Action item: Give again, word for word, the lines below that run from the line with "Figure 1. By" through the line with "148371 | 2024-05982 |". Drop the pictures.

Recorded information:
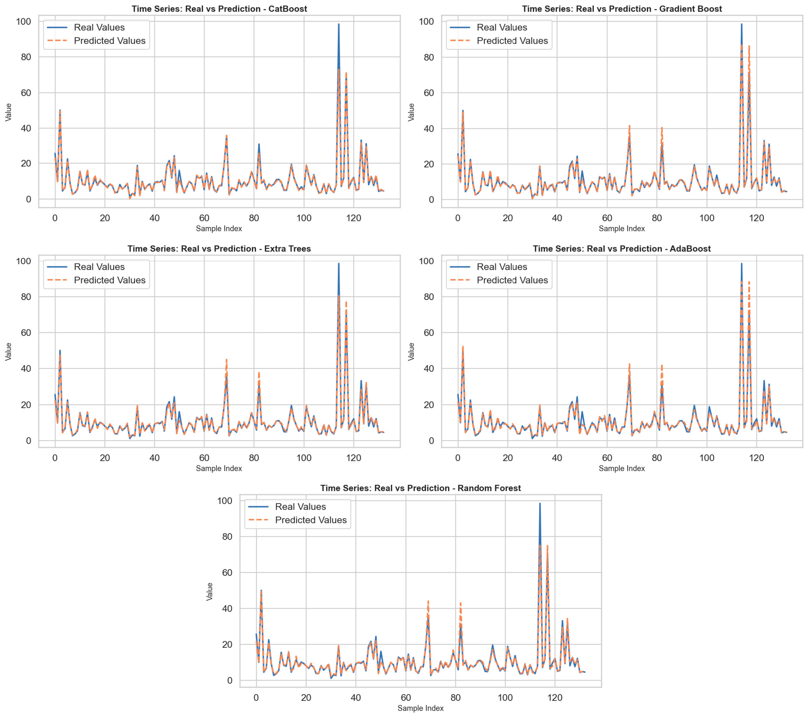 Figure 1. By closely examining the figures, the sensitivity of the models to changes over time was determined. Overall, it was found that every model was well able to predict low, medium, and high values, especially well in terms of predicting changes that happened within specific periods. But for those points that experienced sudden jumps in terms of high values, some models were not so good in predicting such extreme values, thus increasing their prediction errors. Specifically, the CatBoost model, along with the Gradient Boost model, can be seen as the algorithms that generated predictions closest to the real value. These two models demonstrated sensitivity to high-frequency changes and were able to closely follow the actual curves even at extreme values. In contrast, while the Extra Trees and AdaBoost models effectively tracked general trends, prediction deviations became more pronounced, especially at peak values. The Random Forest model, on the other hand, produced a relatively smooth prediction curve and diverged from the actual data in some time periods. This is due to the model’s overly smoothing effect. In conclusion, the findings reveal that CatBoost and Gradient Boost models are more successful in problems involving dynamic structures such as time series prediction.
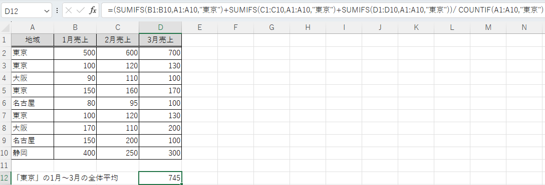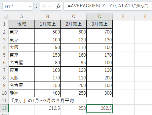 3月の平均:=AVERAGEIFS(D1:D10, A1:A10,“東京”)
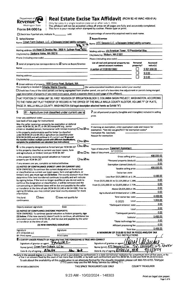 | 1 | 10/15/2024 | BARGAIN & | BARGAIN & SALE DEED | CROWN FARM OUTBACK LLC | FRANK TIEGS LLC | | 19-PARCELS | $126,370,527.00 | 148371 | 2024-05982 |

* * *

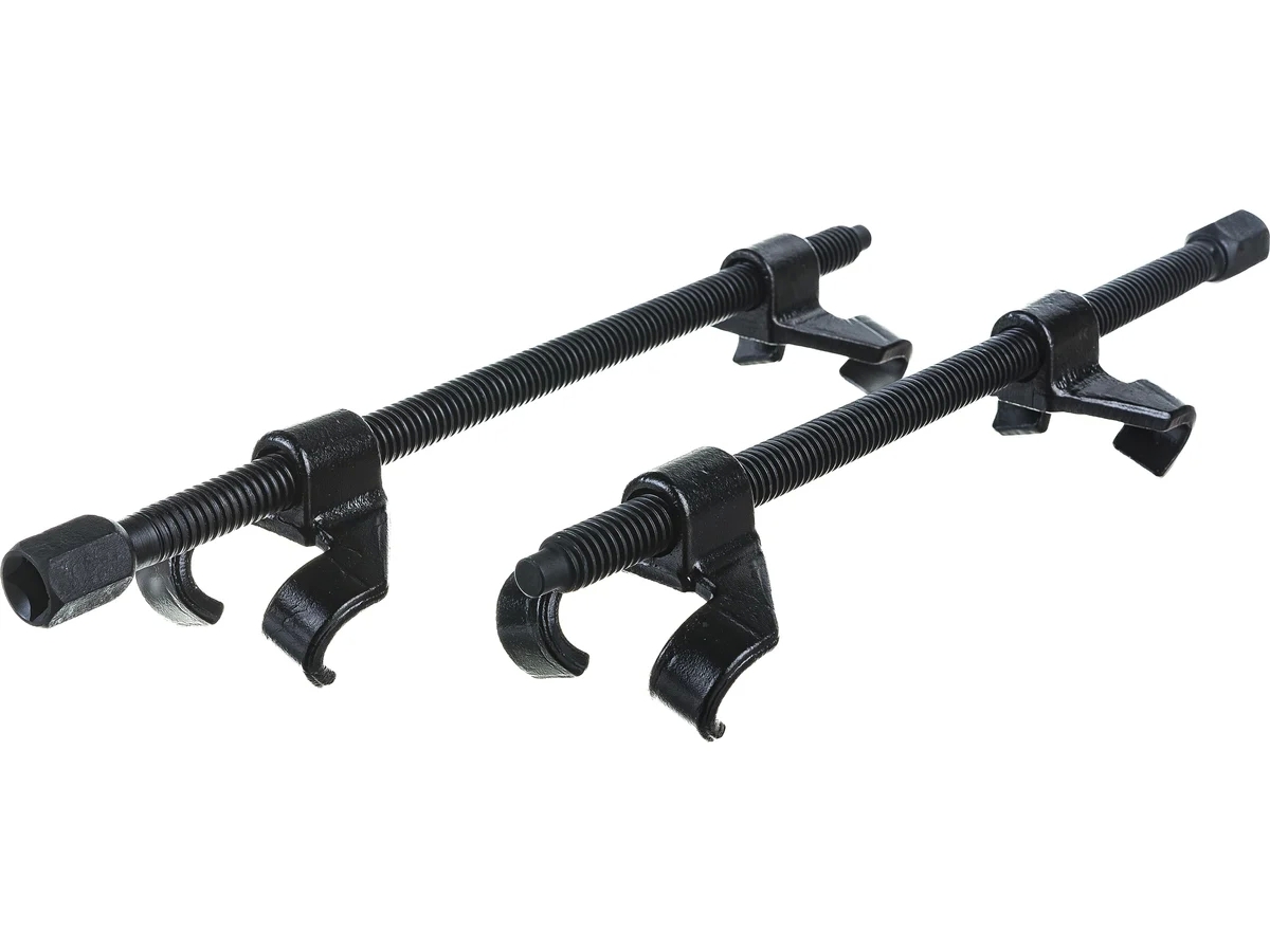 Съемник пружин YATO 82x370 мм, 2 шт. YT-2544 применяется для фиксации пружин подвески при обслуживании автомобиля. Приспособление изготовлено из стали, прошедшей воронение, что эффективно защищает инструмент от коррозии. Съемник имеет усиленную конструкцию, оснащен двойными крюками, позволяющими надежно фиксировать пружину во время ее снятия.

Answer to the problem:
 Figure 1. By closely examining the figures, the sensitivity of the models to changes over time was determined. Overall, it was found that every model was well able to predict low, medium, and high values, especially well in terms of predicting changes that happened within specific periods. But for those points that experienced sudden jumps in terms of high values, some models were not so good in predicting such extreme values, thus increasing their prediction errors. Specifically, the CatBoost model, along with the Gradient Boost model, can be seen as the algorithms that generated predictions closest to the real value. These two models demonstrated sensitivity to high-frequency changes and were able to closely follow the actual curves even at extreme values. In contrast, while the Extra Trees and AdaBoost models effectively tracked general trends, prediction deviations became more pronounced, especially at peak values. The Random Forest model, on the other hand, produced a relatively smooth prediction curve and diverged from the actual data in some time periods. This is due to the model’s overly smoothing effect. In conclusion, the findings reveal that CatBoost and Gradient Boost models are more successful in problems involving dynamic structures such as time series prediction.
 3月の平均:=AVERAGEIFS(D1:D10, A1:A10,“東京”)
 | 1 | 10/15/2024 | BARGAIN & | BARGAIN & SALE DEED | CROWN FARM OUTBACK LLC | FRANK TIEGS LLC | | 19-PARCELS | $126,370,527.00 | 148371 | 2024-05982 |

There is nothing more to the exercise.